Example: input → output

Here's how this prompt actually performs. Real input below, real output from Claude Opus 4.

📝 Input
<test-hypothesis>Changing the 'Start Free Trial' button from blue to orange on pricing page will increase trial signup conversion.</test-hypothesis>
<variants>Control: blue button (current). Treatment: orange button.</variants>
<primary-metric>Trial signup conversion rate (from pricing page visit).</primary-metric>
<secondary-metrics>Time to trial signup (sec), scroll depth, bounce rate.</secondary-metrics>
<baseline>Current blue button converts 4.2%.</baseline>
<expected-effect>Hope for 5%+ absolute (19% relative lift). Minimum meaningful detectable: 2% relative lift.</expected-effect>
<traffic-available>2,500 pricing page visits per day.</traffic-available>
<statistical-requirements>95% confidence, 80% power.</statistical-requirements>
🤖 Output

A/B Test Design: Button Color Change — 4.2% → Hopefully 5%+ Conversion

An A/B test design produces rigorous experimentation preventing false conclusions. Your test — button color on pricing page — is classic but needs proper design to avoid common pitfalls. This design: sample size calculation, proper duration, analysis plan.

Hypothesis + Metrics

Hypothesis (pre-registered):

H0 (null): Orange button conversion rate = Blue button conversion rate.

H1 (alternative): Orange button conversion rate ≠ Blue button conversion rate.

Two-tailed test (orange could be better OR worse).

Primary Metric

Trial signup conversion rate: trial signups / pricing page visits

  • Numerator: trial signups attributed to pricing page session
  • Denominator: unique visits to pricing page (deduplicated)
  • Attribution window: 24 hours from pricing page view
Secondary Metrics (tracked but not decision-making)
  • Time to trial signup from pricing page (seconds)
  • Bounce rate on pricing page
  • Scroll depth
  • Trial-to-paid conversion (longer-term)

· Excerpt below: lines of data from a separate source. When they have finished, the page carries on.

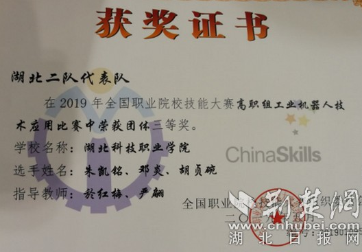 在2019年全國職業院校技能大賽高職組“工業機器人技術應用”賽項中,湖北科技職業學院的朱凱銘、鄧炎、胡貞碗三位同學榮獲團體三等獎。
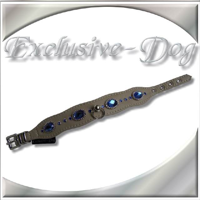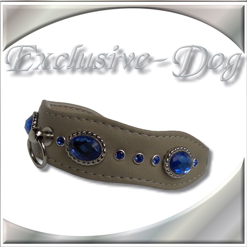 XS Strasshalsband Hundehalsband m.blauen Strass
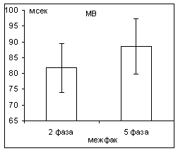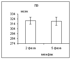 304,52±9,05 мсек, а в пятую – 298,21±10,84 мсек, что значимо ниже, чем у
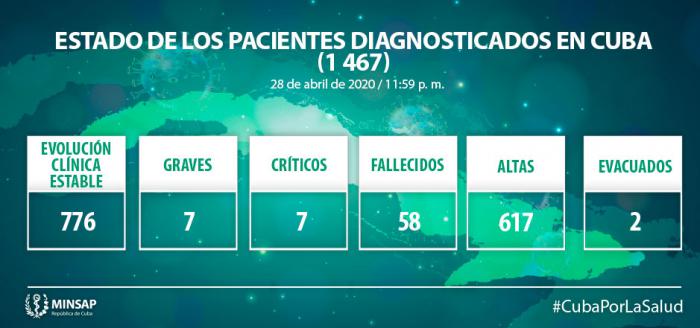 De los mil 467 pacientes diagnosticados con la enfermedad, 790 se mantienen como casos activos, y de ellos, 776 presentan evolución clínica estable. Se reportan 58 fallecidos (no se reporta nuevos fallecidos en el día de ayer), dos evacuados y 617 altas (42 más en el día de ayer). Se reportan siete pacientes en estado crítico y siete pacientes en estado grave.
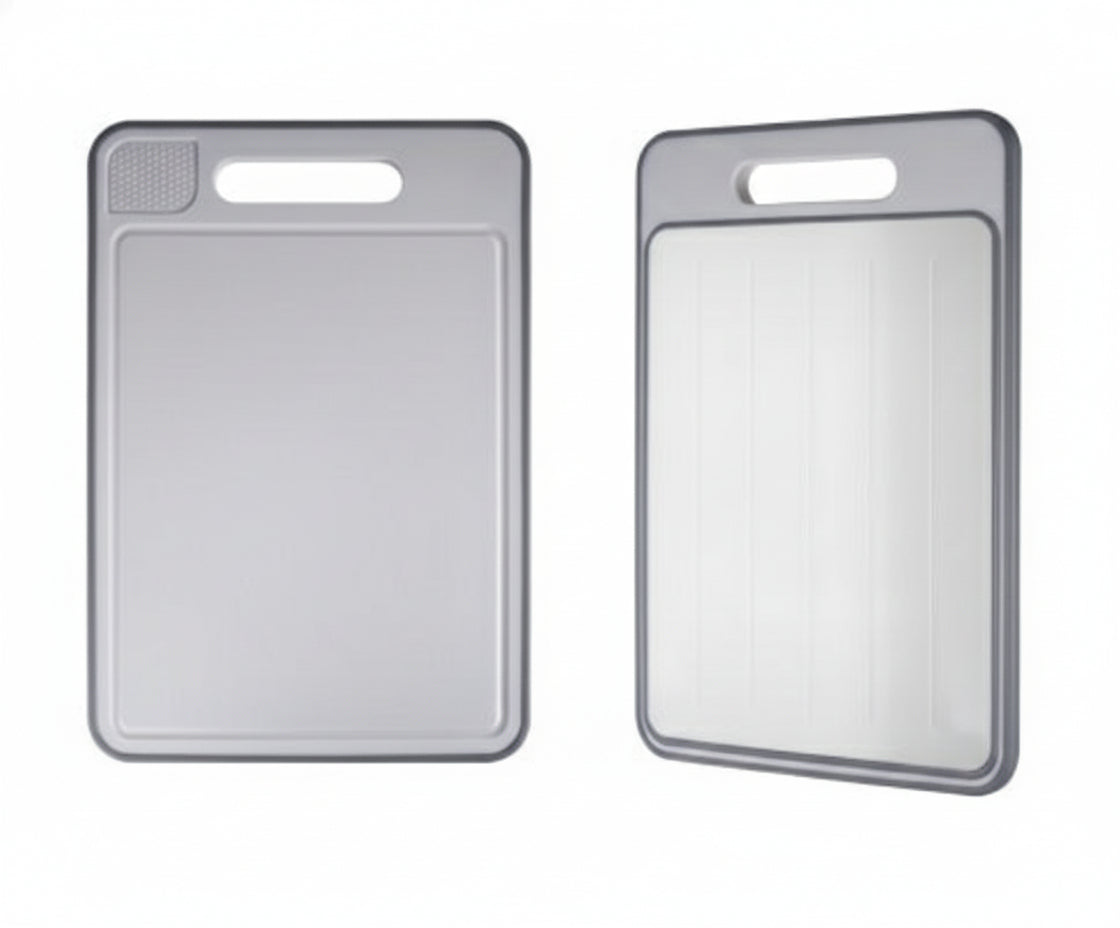 Frost&Prep™ är en dubbelsidig skärbräda där ena sidan fungerar som upptiningsplatta i aluminium som leder värme snabbt, vilket gör frysta råvaror klara mycket fortare utan el. Den andra sidan är en slitstark skäryta.

Why only primary for decision: prevents p-hacking across many metrics. One outcome defines success.

Sample Size Calculation

Inputs:

  • Baseline conversion: 4.2%
  • Minimum detectable effect (MDE): 2% relative lift (= 4.28% vs. 4.2%)
  • Significance: α = 0.05 (95% confidence)
  • Power: 1-β = 0.80 (80% power)
  • Test type: two-proportion test, two-tailed

Calculation (via online calculator or formula):

For MDE of 2% relative lift from 4.2% baseline:

  • Required sample size per variant: ~69,400 visits
  • Total for test: ~138,800 visits

Wait — 2% relative lift is TINY. Re-check meaningful effect:

For MDE of 10% relative lift (4.2% → 4.62%):

  • Required per variant: ~3,200 visits
  • Total: ~6,400 visits

For MDE of 20% relative lift (4.2% → 5.04%):

  • Required per variant: ~850 visits
  • Total: ~1,700 visits

Your 'minimum meaningful' of 2% is statistically very small — requires massive sample.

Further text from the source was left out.